His assignment was to protect her, He wouldn’t abuse that trust, no matter his own hopeless hopes. He would defend her against anything that leapt out of the darkness, crawled from the slime, dropped from the gnarled branches they walked under. He would do it out of respect and admiration and possibly out of the most powerful of emotions, unrequited love.
He would even defend her from himself, he determined tiredly. In five minutes he was fast asleep.…

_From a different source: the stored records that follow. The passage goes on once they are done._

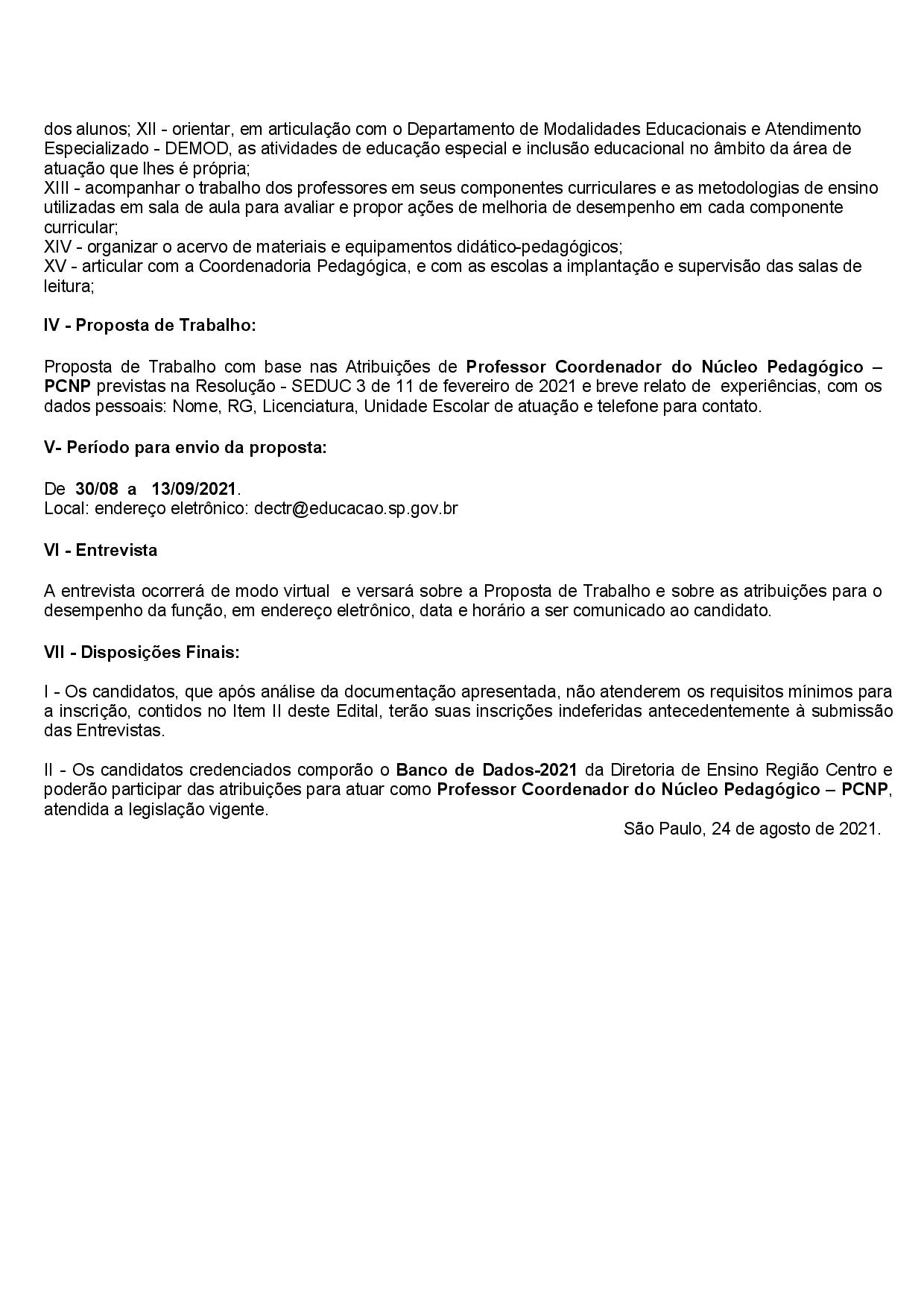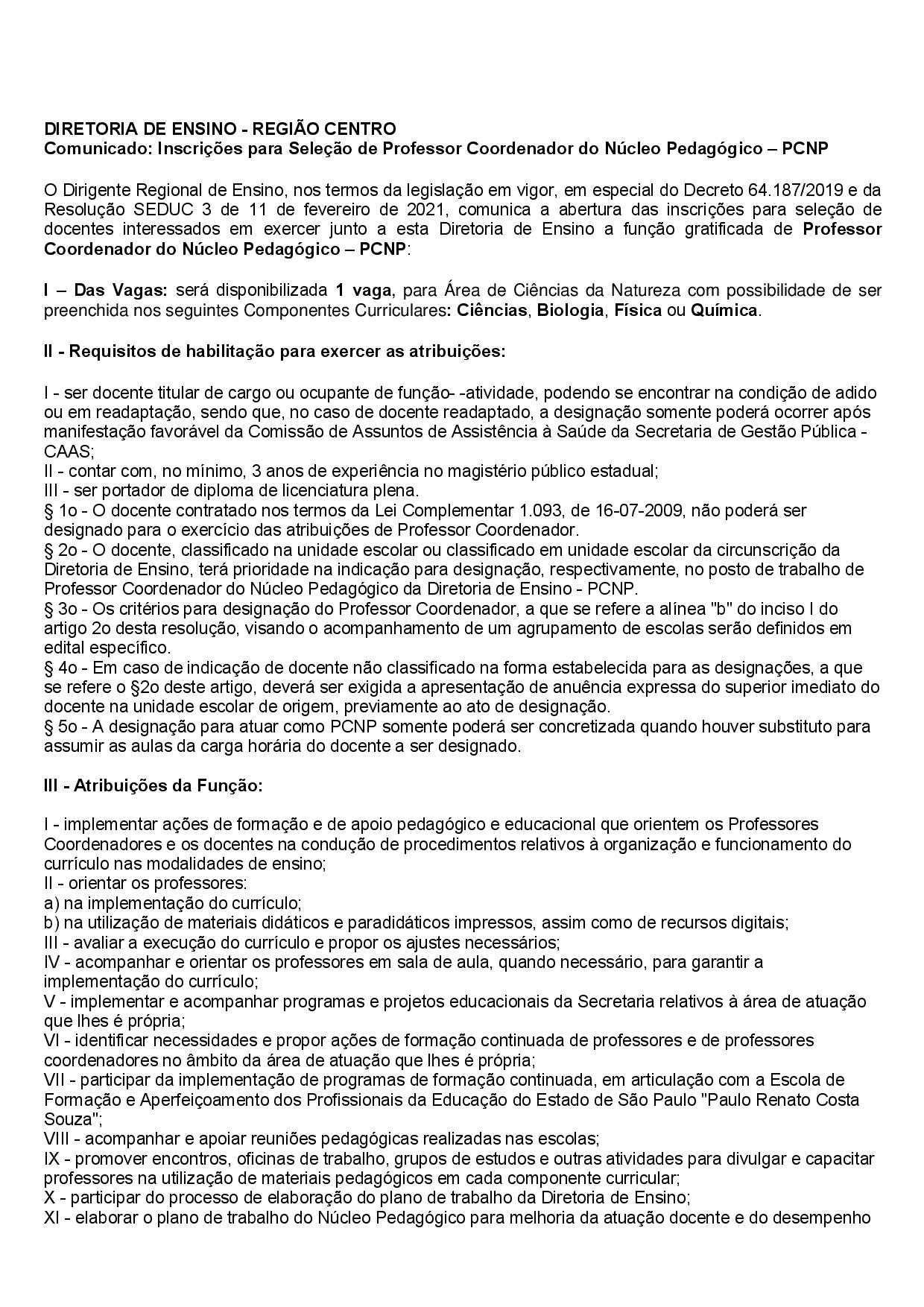 COMUNICADO: INSCRIÇÕES PARA SELEÇÃO DE PROFESSOR COORDENADOR DO NÚCLEO PEDAGÓGICO – PCNP. 24-08-21 Enviar por e-mail LEIA TAMBÉM EDITAL PARA O PREENCHIMENTO DE VAGA DE PROFESSOR DO CENTRO DE INOVAÇÃO DA EDUCAÇÃO BÁSICA PAULISTA (CIEBP) – UNIDADE REGIONAL DE ENSINO REGIÃO CENTRO – VINCULADO À EE PROFESSORA ZULEIKA DE BARROS MARTINS FERREIRA. EDITAL PROFESSOR DO PROJETO DE APOIO AO PROTAGONISMO ESTUDANTIL. EDITAL 01/2026 – PROCESSO SELETIVO PARA ATRIBUIÇÃO DE AULAS DE PROFESSOR ORIENTADOR DE CONVIVÊNCIA – POC – UNIDADE REGIONAL DE ENSINO CENTRO. EDITAL SALA DE LEITURA, DE 29 DE JANEIRO DE 2026
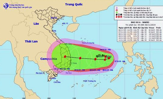 Theo Trung tâm Dự báo Khí tượng Thủy văn Quốc gia, tối 5/11, áp thấp nhiệt đới trên khu vực giữa Biển Đông đã mạnh lên thành bão, có tên quốc tế Nakri. Đây là cơn bão số 6 trên Biển Đông trong năm nay.
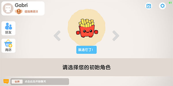 2、之后来到下方界面选择我们的初始人物,左右箭头可切换初始人物,点击就选它了可以锁定人物
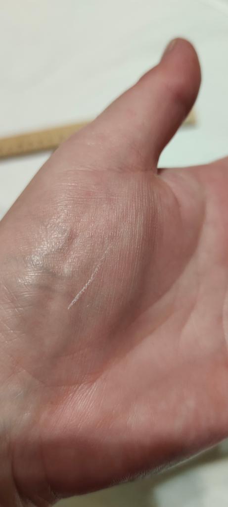 Verpackt in Glimmer. Satte Farbe, trocknet sofort. Die letzten beiden Fotos sind nach dem Abwaschen, die Farbe ist an den Händen fast nicht verblasst. Sehr stabil. Zeichnet nicht auf der Wasserlinie
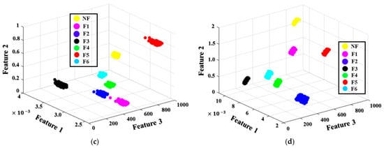 The applied diagnostic model uses a novel DRPCA procedure to capture the most discriminant features from the HFP in a smaller dimension. The PCA technique, as discussed in Section 2.4, is used to identify the importance of dynamically connected parameters or principal components, represented by a covariance matrix of eigenvectors. The PCA approach was used in this experiment to identify the attributes that produce primary elements with an eigenvalue greater than 80%. This value was chosen to capture the informative features that associated with the first 30 principal components, whose eigenvalues were greater than the remainder of the components. Experimental assessments in [28,50] reveal that the features with the greater eigenvalues contain the most fault-related information in the sequence of the all input features. The resulting principal components are then estimated using the distance ratios (according to the process given in Section 4.3). As a result of computing the DRPCA, features with substantial distance ratios () are selected as the most discriminative features. The new optimal feature set is composed of three outcome features (designated Feature 1, Feature 2, and Feature 3), which resulted from a statistic model, wavelet decomposition, and complex envelope analysis, respectively. In Figure 9, a 3D figure based on those three optimal features illustrates the spatial distribution zones of samples of the seven MTCF failure states under the four different rotation speeds. As shown in Figure 9, the samples belonging to the same category are clustered together, and the samples belonging to different fault types are clearly separated in the feature space. The distance ratio thresholds are experimentally selected to obtain the number of the resultant features that are capable of representing failure types separately. The visualized spatial distribution of the categories in Figure 9 demonstrates that the threshold () is an appropriate selection for configuring the optimal feature subset of the most discriminative features in this study. The DRPCA output is then used as the input data for the OAOSVM classifier, which categorizes the data according to the failure types (i.e., NF, F1, F2, F3, F4, F5, and F6).
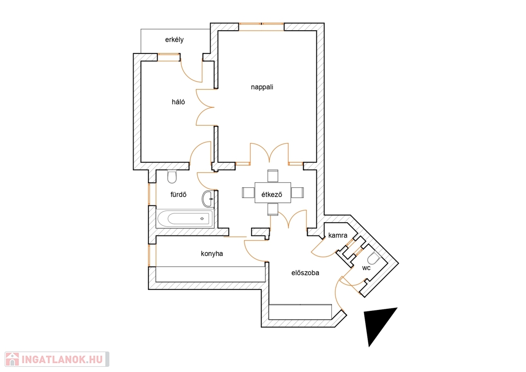 A lakás elrendezése: előszoba, különálló konyha, étkező, nappali, 1 hálószoba, WC, fürdőszoba, erkély.
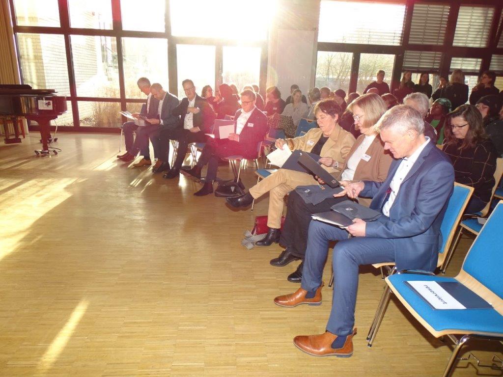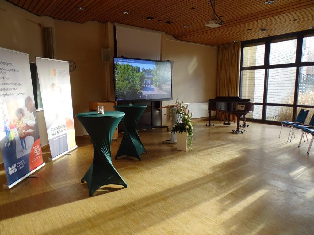 Lehrkräfte, Schüler*innen, Geschäftsführung und Gesellschafter begleiteten den Festakt mit kurzweiligen musikalischen und gesprochenen Beiträgen. Eine Talkrunde zwischen Vertreterinnen der SV und Frau Dr. Käßmann lockerte die Veranstaltung spürbar auf und spannte einen sehr persönlichen Bogen, der uns gespannt sein lässt auf den kommenden Austausch mit unserer Namensgeberin.
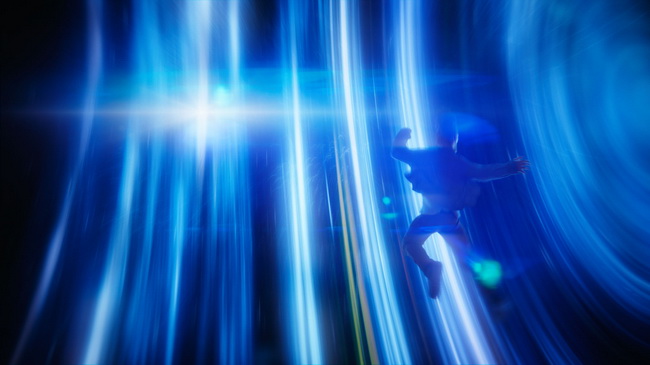 Le même principe a prévalu pour la scène finale où les deux héros se retrouvent dans une rue où tous les gens marchent à reculons. Il s’agit en l’occurrence de la manifestation d’une réalité parallèle où le temps est inversé, mais sans affecter les personnages principaux. Pour réaliser ces plans, l’équipe a tourné à chaque fois deux prises en motion control : une passe avec les acteurs principaux, puis une autre avec les figurants, lesquels marchent normalement. En postproduction, le sens de défilement de l’action dans la passe « figurants » a été inversé, puis ces images ont été combinées avec celles des acteurs qui, eux, marchent normalement.
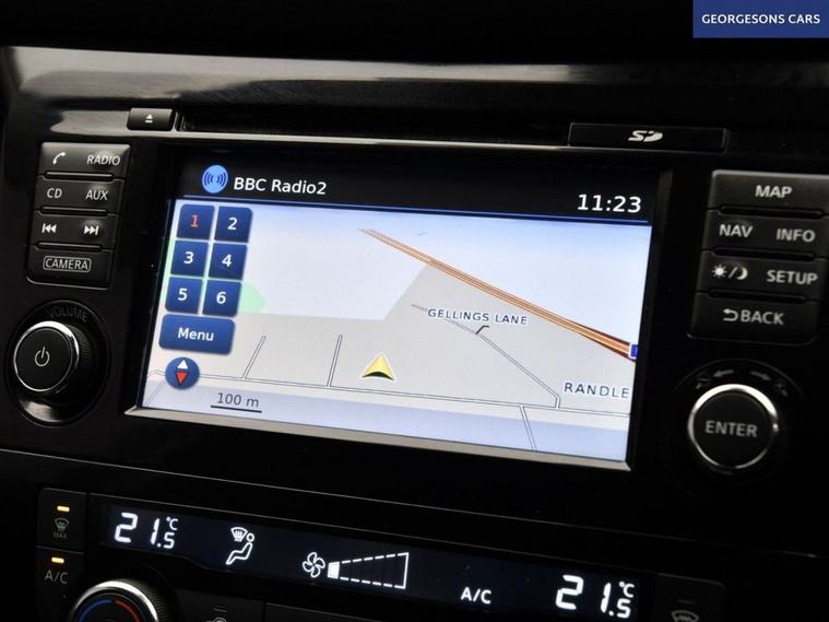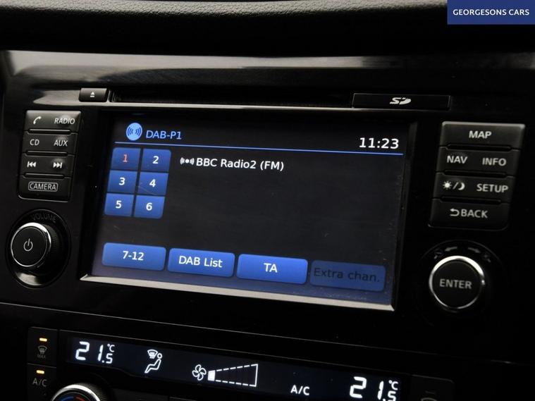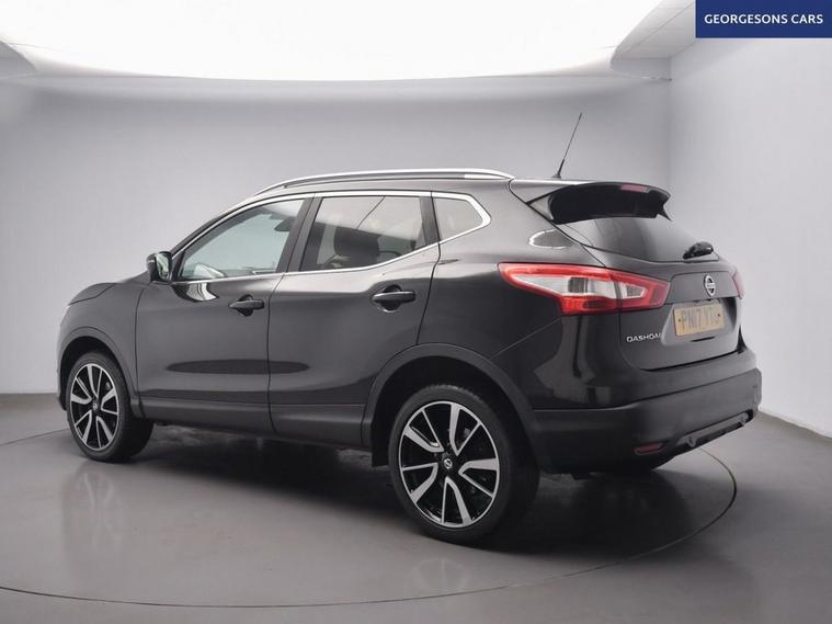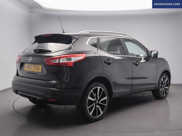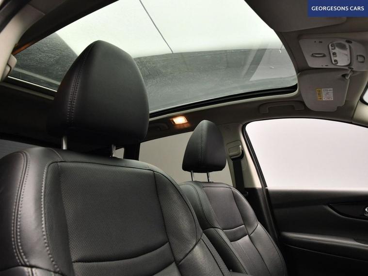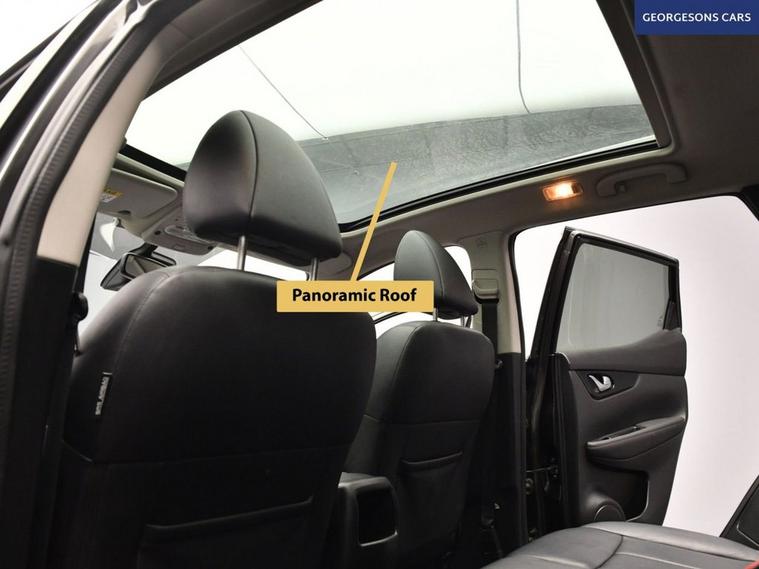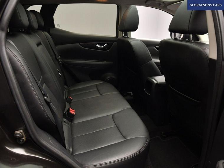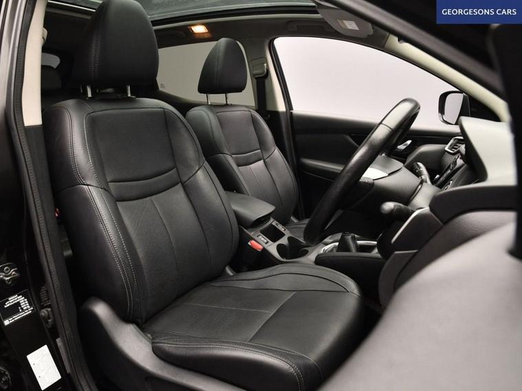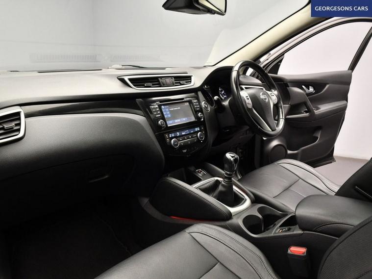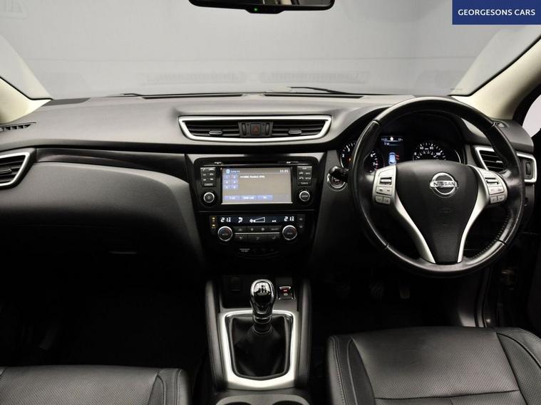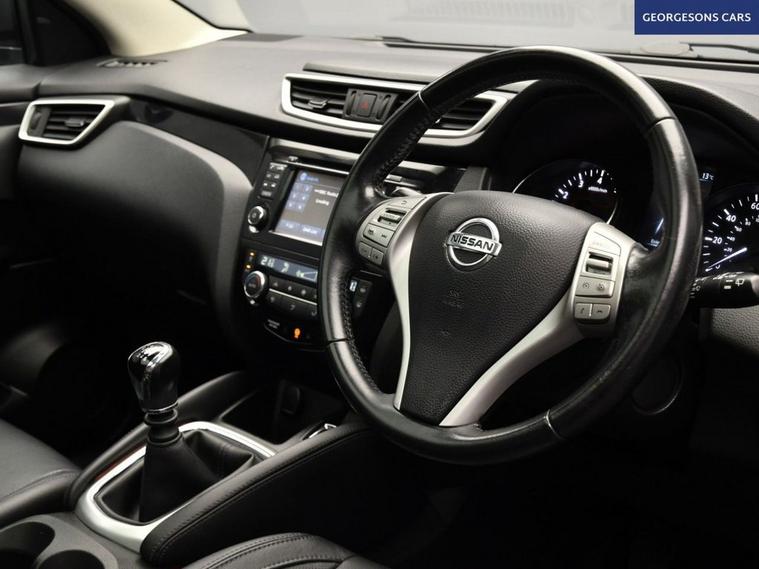 This Nissan Qashqai 1.6 DIG-T Tekna combines a punchy 1.6-litre turbo petrol engine with 163hp, delivering 0-62mph in 9.1 seconds and up to 45.6mpg in this front-wheel-drive setup with a precise 6-speed manual gearbox. The flagship Tekna trim brings full luxury with 19-inch alloys and premium leather interior. With five services, this Qashqai is in excellent condition. Enjoy the airy cabin with the panoramic glass roof, while integrated satellite navigation, Bluetooth and DAB radio keep you connected. Parking is effortless with reverse camera and front & rear parking sensors. Stay comfortable with dual-zone climate control, heated windscreen and electric heated front seats. Cruise control with speed limiter, lane assist and push-button start deliver relaxed, safe driving every day. The spacious five-door SUV includes a 504-litre boot.
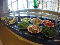 Рядом находится БАР с напитками и мороженным. Здесь же есть и еда для тех кто проголодался в промежутке между завтраком и обедом или обедом и ужином. Ассортимент меньше, чем в основном ресторане, но выбор все равно большой.
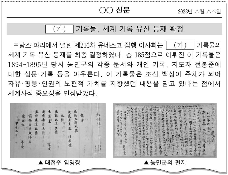 2024학년도(2023) 수능 한국사 홀수형 9번 기출문제 – 동학 농민 운동
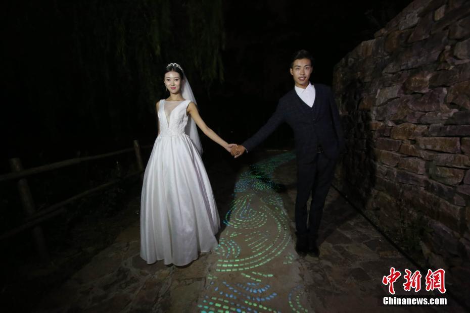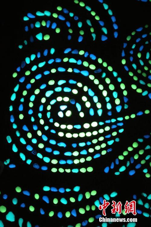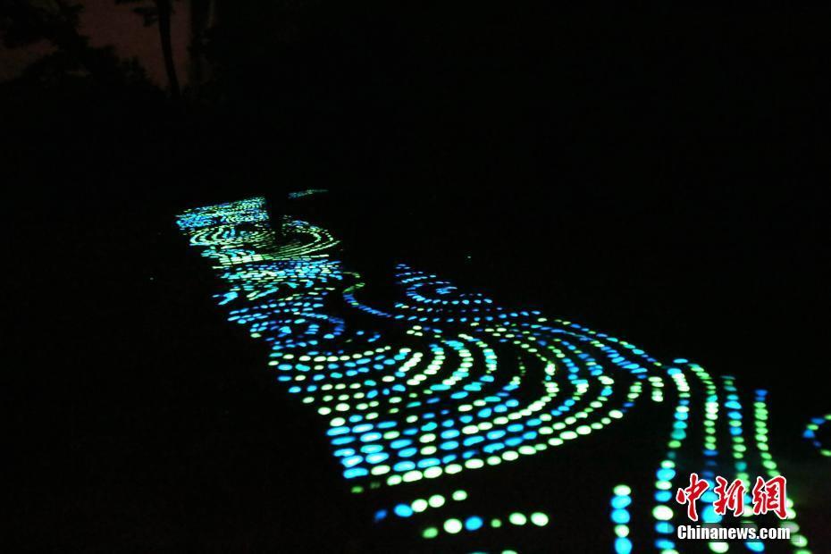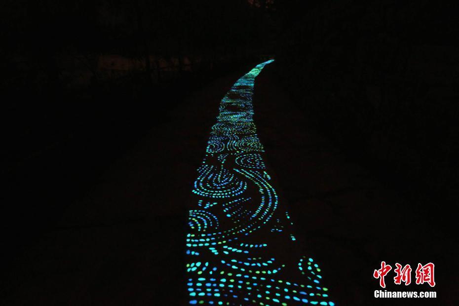 6月12日晚,在河南郑州新密伏羲山景区内的伏羲湖,中原首条荧光步道正式亮相。该荧光步道灵感设计来自于梵高的《星空》,一到夜晚,荧光步道色彩斑斓,犹如行走在银河。据景区相关负责人介绍,这条环湖荧光步道长度有800多米,是用近百万颗蓝、绿、黄等不同颜色莹光石头铺设而成。王中举摄
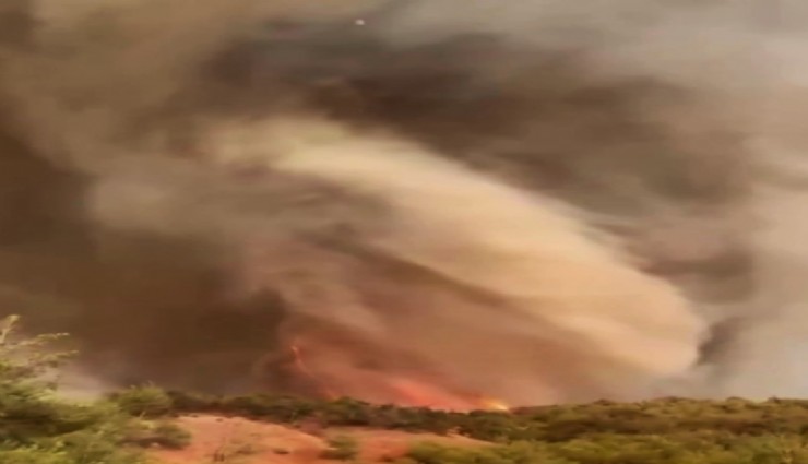 Orman yangınının en çarpıcı görüntüsü: Alevler adeta hortum oluşturdu
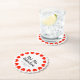 Herr och fru bröllop underlägg med rött hjärta. Elegantens pappra underlägg i rund eller avkortad form. Klassdesign med snyggtens penselskripttypografi och anpassningsbarnas efternamn. Tillbehör till trendig party och dekorationer i bord för gifta par och nygifta. Använda för chicens möhippa, lyxen bröllop, finare-årsdagen firande osv. Ändra kvantitet för att få den billigaste prisa massan. Romantisk kärlek-symboldesign med datum för giftermål.

Any awkwardness was spared by the fact that he awakened first. Removing his arm from her shoulders, he nudged her gently once, twice. With the third nudge she sat straight up, eyes wide and staring with sudden wakefulness. She turned sharply to stare at him. Then the events of the past several days came flooding back to her and she relaxed a little.
“Sorry. I thought I was someplace else. I was a l
ittle frightened.” She started to rummage through her survival pack, and Luke did the same with his. Threepio offered a cheery “Good morning.”
While the cloud-masked sun rose somewhere behind them, warming the mists slightly, they shared a meager breakfast of emergency cube concentrates.
“Whoever created these,” she grimaced in distaste, biting off a small piece of a pink square, “must have been part machine. They didn’t program anything like taste or flavor into them.”
Luke tried not to let the awful taste he was experiencing show. “Oh, I don’t know. They’re designed to keep you alive, not to taste good.”
“Want another one?” She extended a blue square with the consistency of dead sponge. Luke eyed it, half-smiled queasily.
“Not … right away. I’m kind of full.” She nodded knowingly, then smiled. He grinned back at her.
The long day never grew truly comfortable, but their suits and the thermal capes kept them warm enough. By late morning it had grown sufficiently hot for them to unhook the capes, fold the thin material into small rectangles, and put them up in suit pockets.
The rare breaks in the mist were never large enough to give them a view of the rising sun, though Threepio and Artoo assured them it was there. It attacked the mist persistently, raising the light level from mere dimness to a kind of enthusiastic twilight.
“We should be getting close to the beacon,” she told them all around midday. Luke wondered how many hours they’d slept. Nights and days would be long on Circarpous/Mimban.
“We have to be prepared to find nothing, Princess. There might not be a beacon station.”
“I know,” she admitted quietly. “We’ll have to search, though. We can walk in an expanding spiral from the place I plotted, and hope.”
A long wall of trees and lesser growth lay ahead. They plunged into it without hesitating, trading ease of passage for secure footing.
“Pardon me, sir.”
Luke looked slightly ahead and to his right. Both robots had paused and See Threepio was leaning against something. “What is it, Threepio?”